Note: This compares the default hyper-parameter settings for both groups.

In [100]:
# Try to modify the text to change performance
from nltk.stem import WordNetLemmatizer, PorterStemmer
from nltk.tokenize import word_tokenize

def process(text):
    # Tokenize the text into words
    words = word_tokenize(text)
    
    # Initialize lemmatizer and stemmer
    lemmatizer = WordNetLemmatizer()
    stemmer = PorterStemmer()
    
    # Apply lemmatization and stemming to each word
    lwords = [lemmatizer.lemmatize(word) for word in words]
    swords = [stemmer.stem(word) for word in lwords]
    
    # Join the processed words back into a preprocessed text
    text = ' '.join(swords)
    
    return text

modTrain = train.with_columns(pl.col("Text").apply(lambda x: process(x)))
modTest = test.with_columns(pl.col("Text").apply(lambda x: process(x)))
mod = modTrain['Text'].to_list() + modTest['Text'].to_list()
mtfidf = tfidv()
mwe = mtfidf.fit(mod)
mweTrain = mtfidf.transform(modTrain['Text'])
mweTest = mtfidf.transform(modTest['Text'])
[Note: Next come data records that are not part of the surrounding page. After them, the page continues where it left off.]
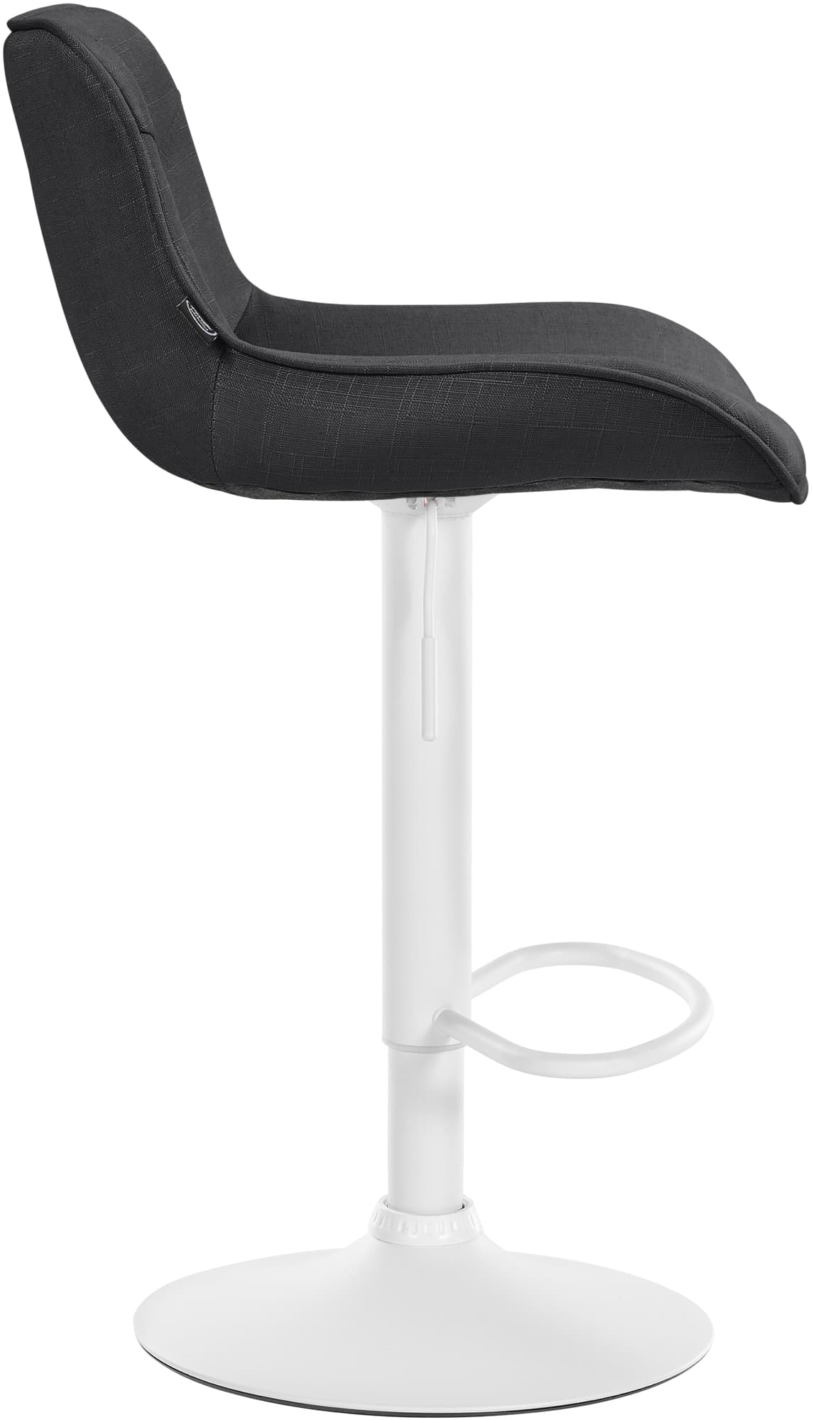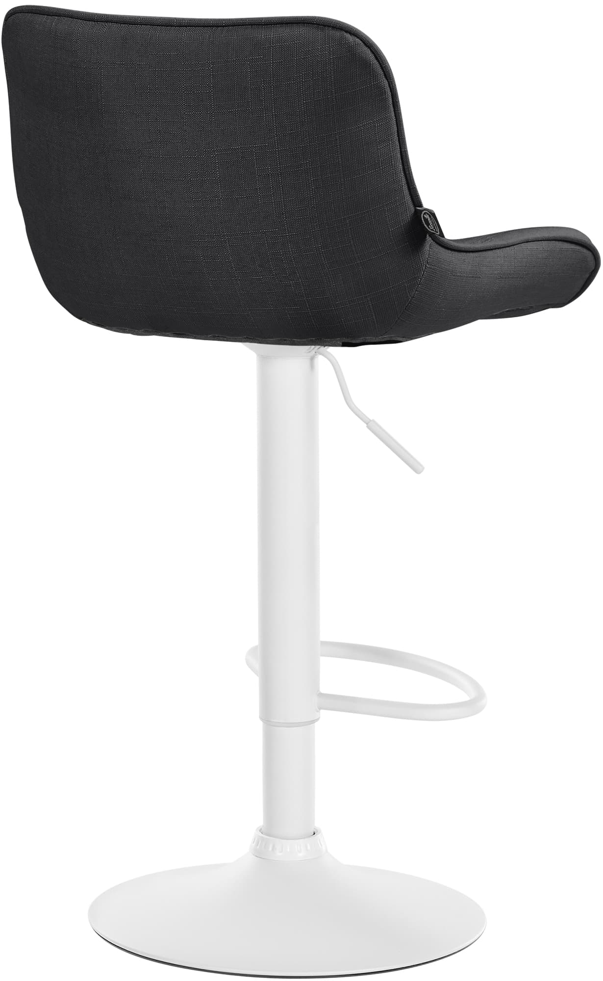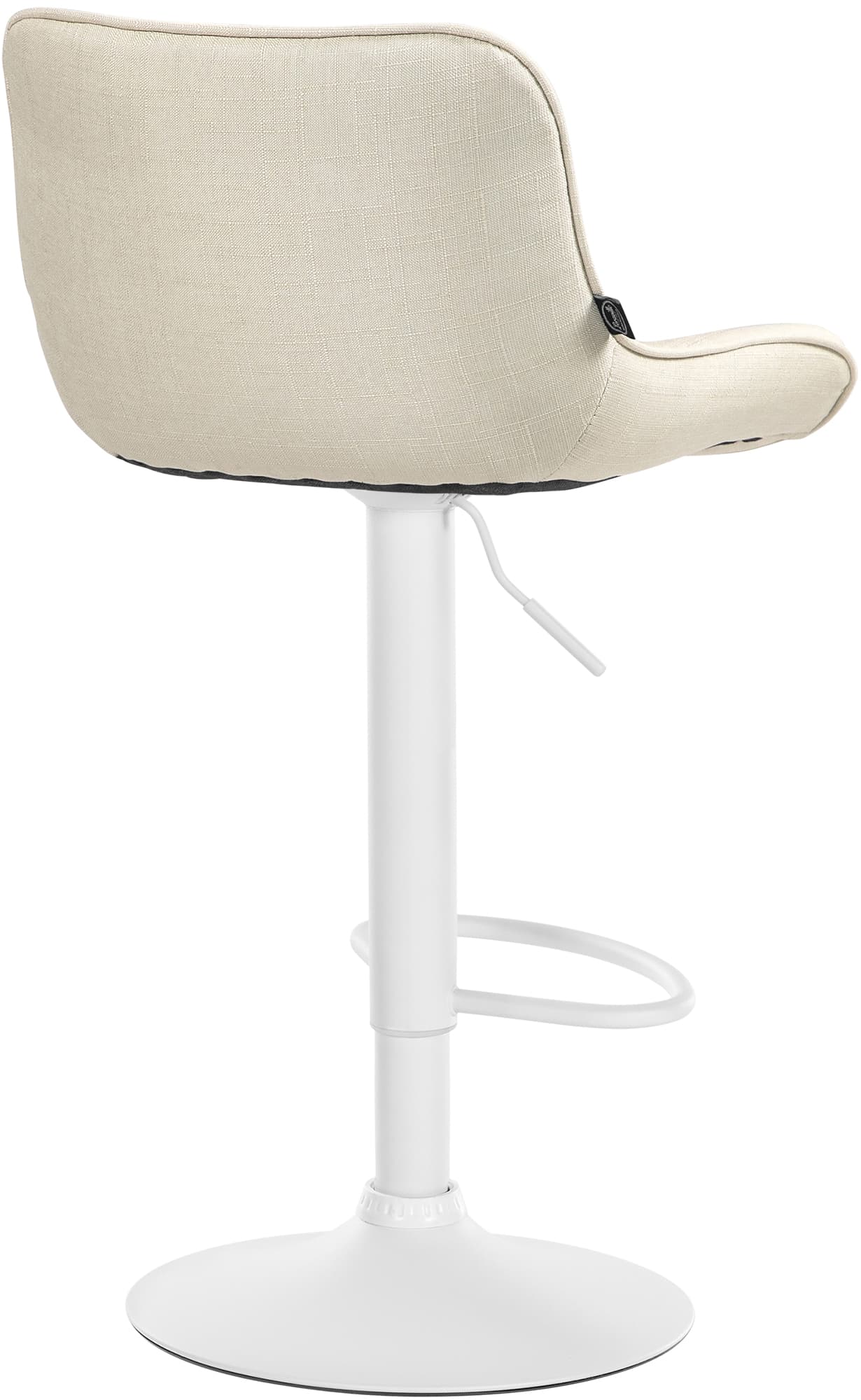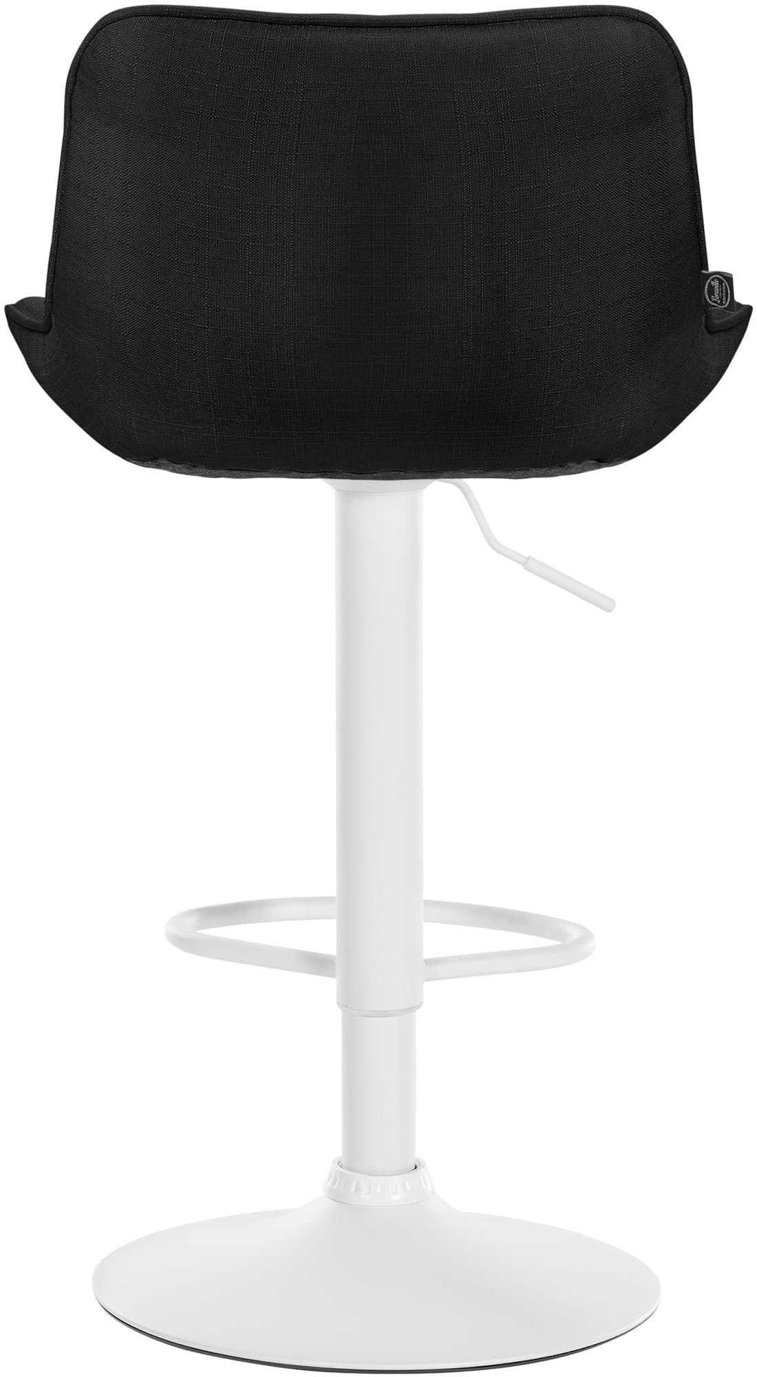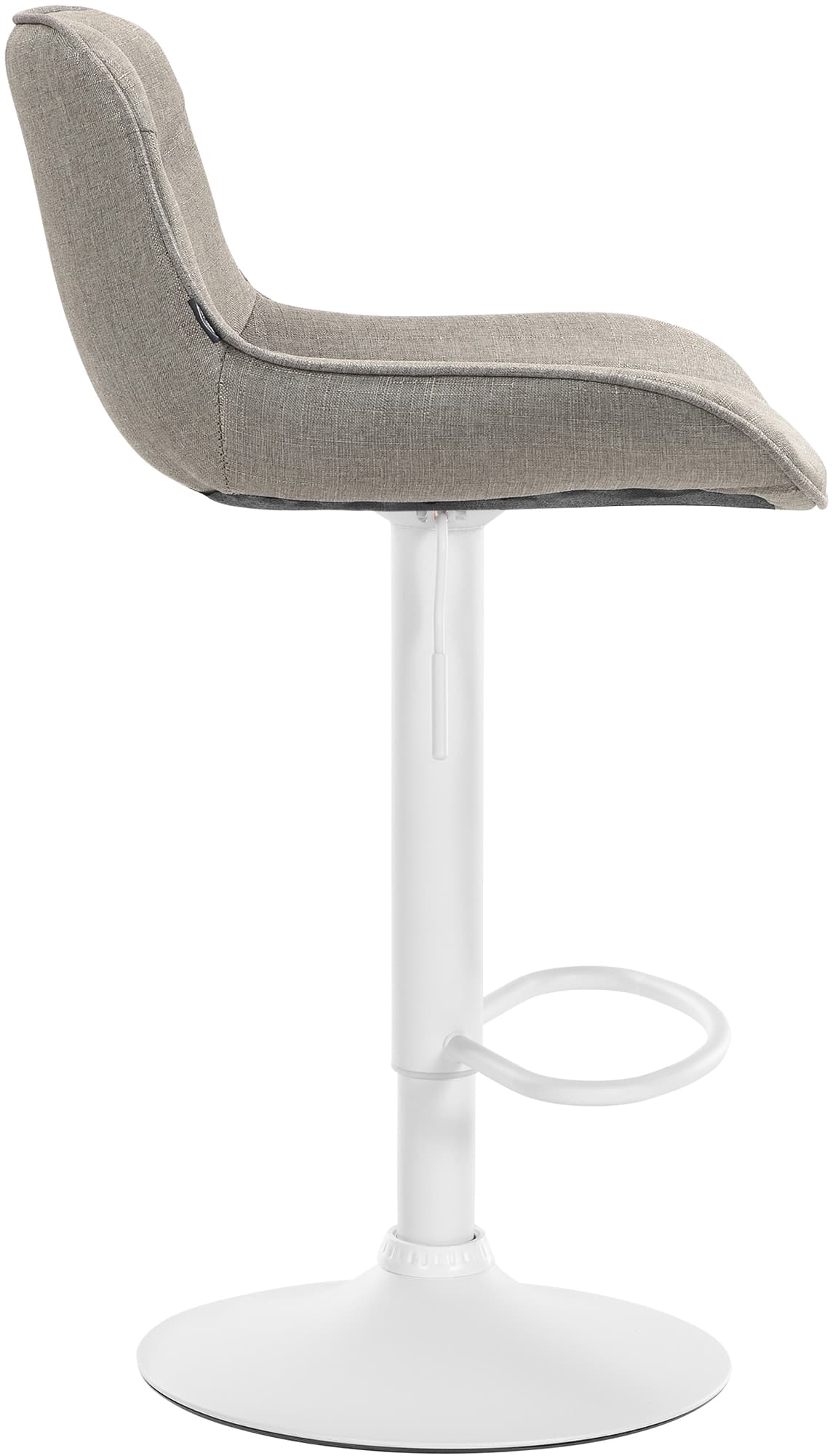 Das Metallgestell und der Trompetenfuß sorgen für Stabilität und Langlebigkeit. Die integrierte Fußstütze passt sich der Sitzhöhe an und bietet zusätzliche Unterstützung. Der Stoffbezug ist langlebig und bietet ein angenehmes Sitzgefühl. Bodenschoner schützen vor Kratzern.
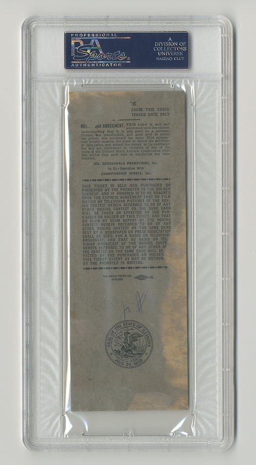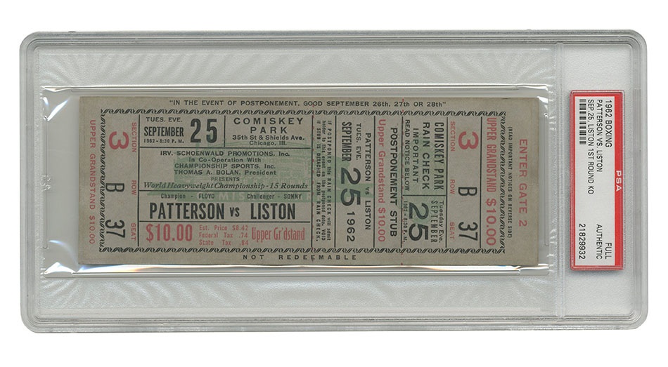 On September 25, 1962 at Comiskey Park in Chicago Floyd Patterson defended his heavyweight tile against the number one contender Sonny Liston. Liston waited a long time for his shot and made the most of it stopping Patterson in the very first round to win the title. Offered here is an original, full, unused ticket for this event. This full ticket names both fighters, the date and venue and includes a section, row and seat number. Bold color and print. Ticket has some soiling and mild creasing. Overall VG condition. Authenticated by PSA/DNA.
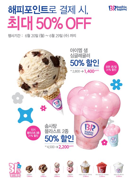 20일부터 29일까지 아이스크림과 블라스트 구입 시, 전액 해피포인트로 결제하면 31% 특별가 혜택 제공
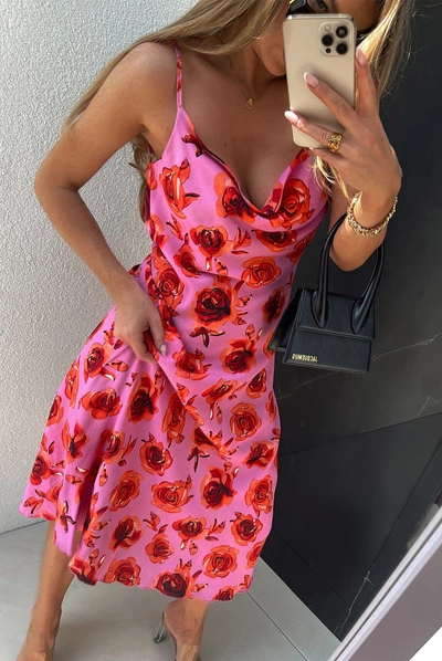 Sheila - Women's pink dress with red flowers and cut-out mini casual 'Flowerbomb'
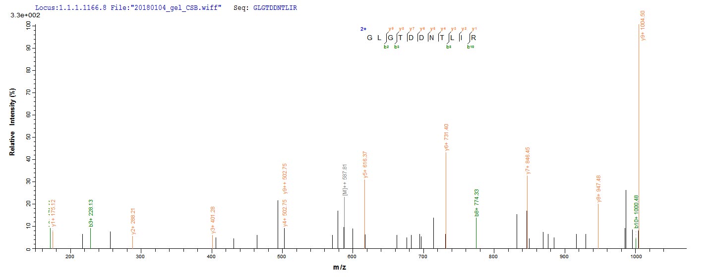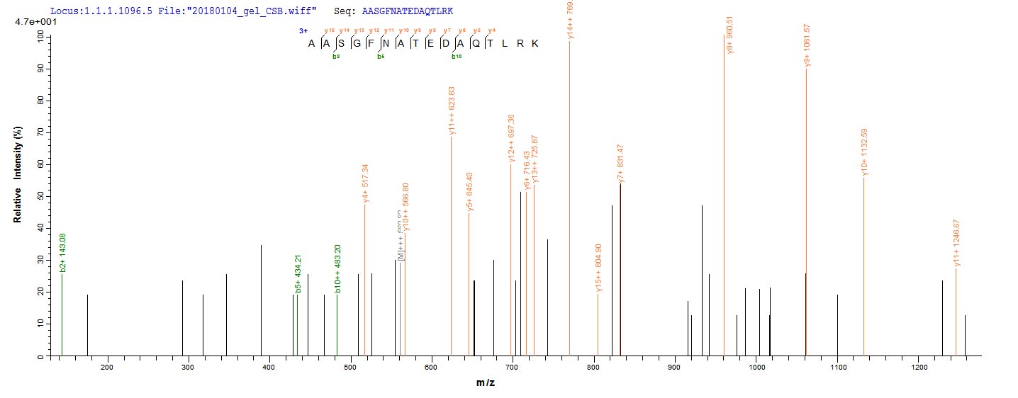Based on the SEQUEST from database of E.coli host and target protein, the LC-MS/MS Analysis result of CSB-EP001845MO could indicate that this peptide derived from E.coli-expressed Mus musculus (Mouse) Anxa4.

mnmf = NMF(n_components = nCat, random_state = 42)
mnmf.fit(mweTrain)

_, mAssociations, acc = score(mnmf, mweTrain, modTrain, report = False)
print(f"Training accuracy: {round(acc * 100, 2)}%")

mypTest, _ = score(mnmf, mweTest, modTest, mAssociations, accuracy = False, report = False)
mypTest = mypTest.rename({'predCat' : 'Category'})
mypTest[['ArticleId', 'Category']].write_csv("Solution_unSup_lem.csv")
print("Kaggle Accuracy: 92.789%")

Training accuracy: 91.6%
Kaggle Accuracy: 92.789%


# Compare with supervised learning
Next we'll use k-nearest-neighbors (KNN) to classify the data.

In [90]:
from sklearn.neighbors import KNeighborsClassifier as KNN

knn = KNN(n_neighbors=5)
knn.fit(weTrain, train['Category'])

# Test the training method
supTrain = knn.predict(weTrain).tolist()
supTrain = pl.DataFrame({'pred' : supTrain})
supTrain = train.hstack(supTrain)
acc = sum(supTrain['Category'] == supTrain['pred']) / len(supTrain)
print(f"Accuracy: {round(acc*100, 2)}%")

Accuracy: 95.76%


In [91]:
# Submit the test model
supTest = knn.predict(weTest).tolist()
supTest = pl.DataFrame({'pred' : supTest})
supTest = test.hstack(supTest)
supTest = supTest.rename({'pred' : 'Category'})
supTest[['ArticleId', 'Category']].write_csv("Solution_sup.csv")
print("Kaggle Accuracy = 93.469%")


Kaggle Accuracy = 93.469%


# Supervised training results - Part 1
Using the KNN method, we get the following results:
- training accuracy: 95.76%
- test accuracy: 93.47%

We get moderately good results in the training and test set using the KNN method. Though the method can be impacted by the curse of dimensionality. The testing results doesn't score as well as the training data did, which could suggest overfitting. 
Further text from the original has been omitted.